While New York's fashion week was impressive, it didn't just end there. Looks are still being cultivated in other major fashion cities. Take Milan and Paris for example. It seems that the creativity in Europe was non-stop. Not only did these big fashion houses showcase fabulous new looks, but they mastered the art of reflecting that for their grandeur runways that showcased their new collection.

 

A prime example is the way DSquared2 has taken social media by storm. The Italian brand, cultivated by twin brothers Dean and Dan Caten, celebrates its 30th birthday this year and has fully embraced the celebratory aspect. The 2025 show opened with new hit sensation Doechii and ended with a bang, as the brothers performed a skit of them getting arrested and eventually walking the runway.

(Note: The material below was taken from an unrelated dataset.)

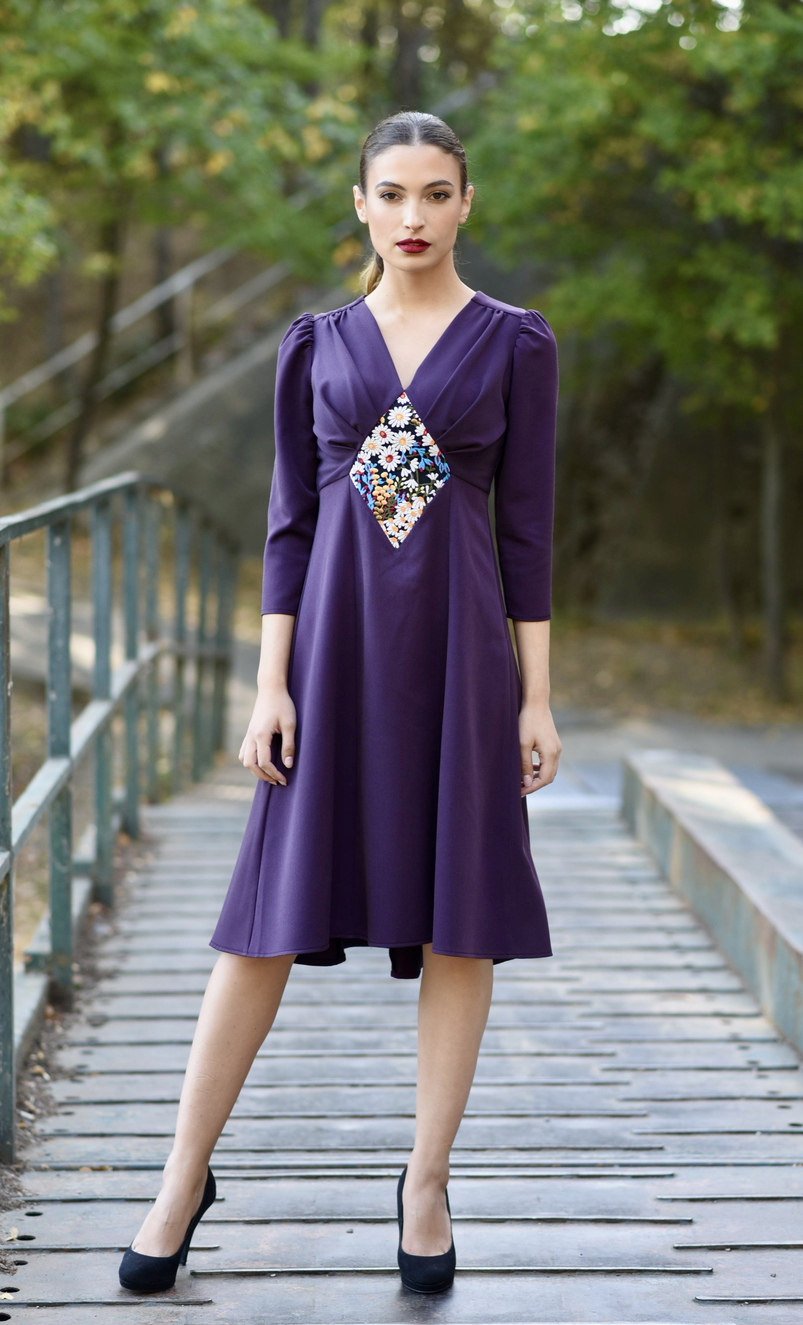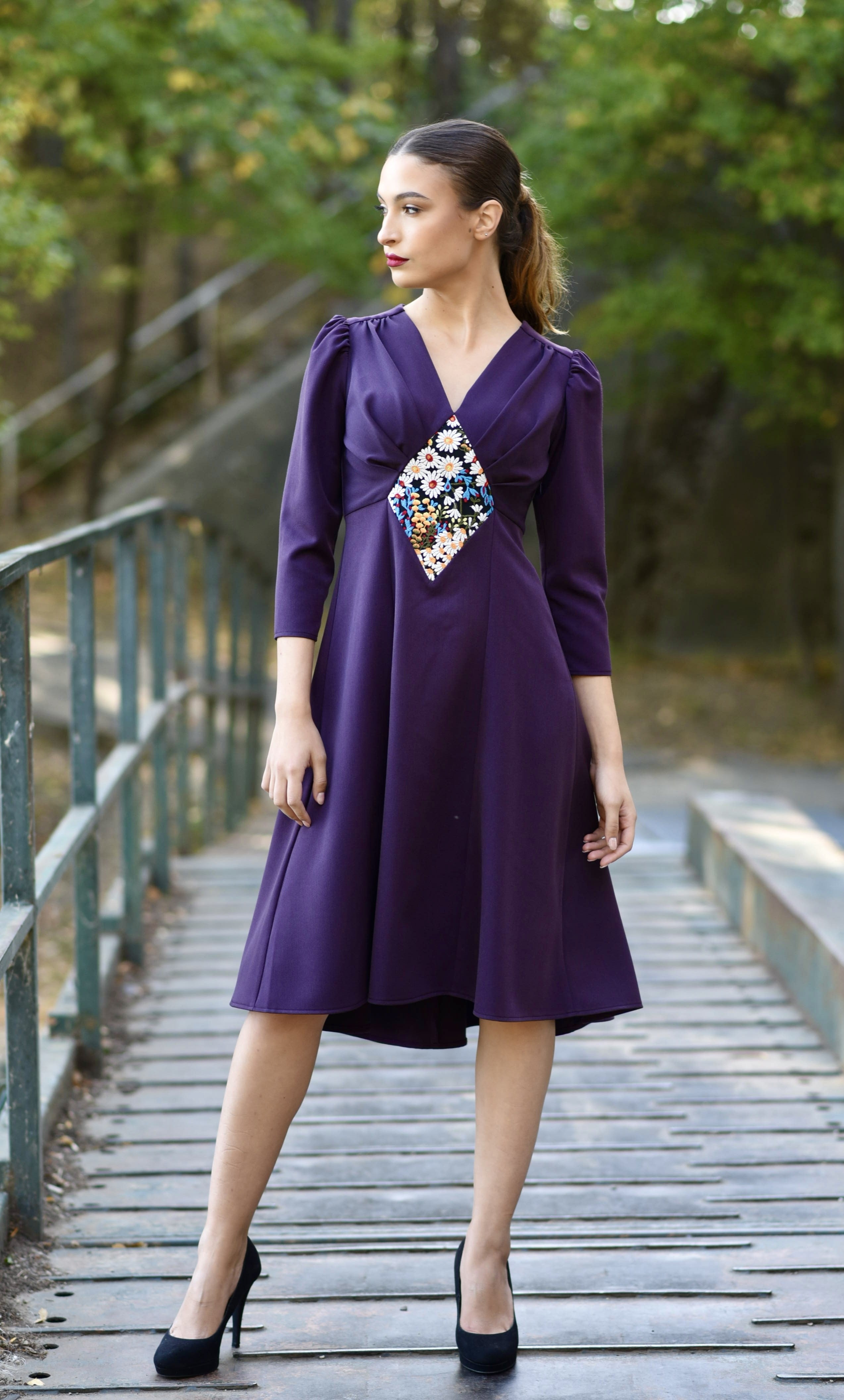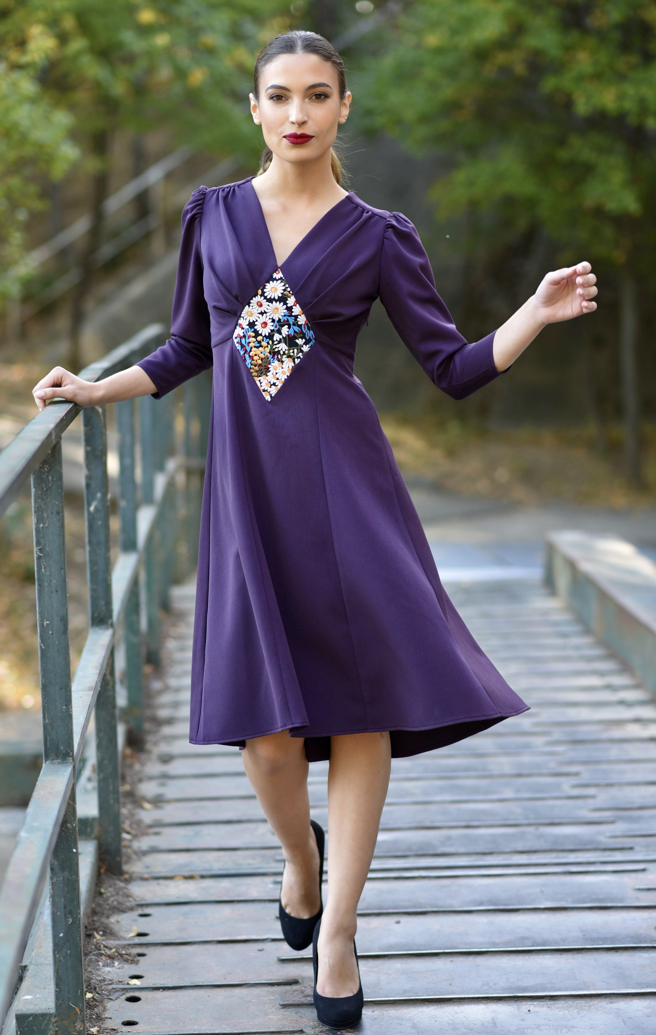 Rochia din stofa violet Medeea este confecționată din stofă fină de

In the same show, the models were brought out to the warehouse set via porsche and cop cars, and chose more stylized walks than a regular catwalk. As much as the runway world is known for only using models as canvases, the audience appreciated seeing models interact with each other, especially as the show was designed to have models stay on stage the whole time. The direction of the show was a refreshing concept that reignited possibilities on the runway. That excitement alone is causing more people to tune back into the art medium. Runway is known to have a strict and uptight nature surrounding it and designers are taking the initiative to disrupt that paradigm.

 

Other shows in the Fall/Winter collection had theatrical elements that captivated the crowd. To honor Fendi’s 100th year, a sentimental approach was taken for their show by having Fendi’s twin grandchildren open the doors. This is not only reflected in the collection of the year, but pays homage to the history of the show by shedding a new sense of appreciation for the brand’s longevity in the fashion scene.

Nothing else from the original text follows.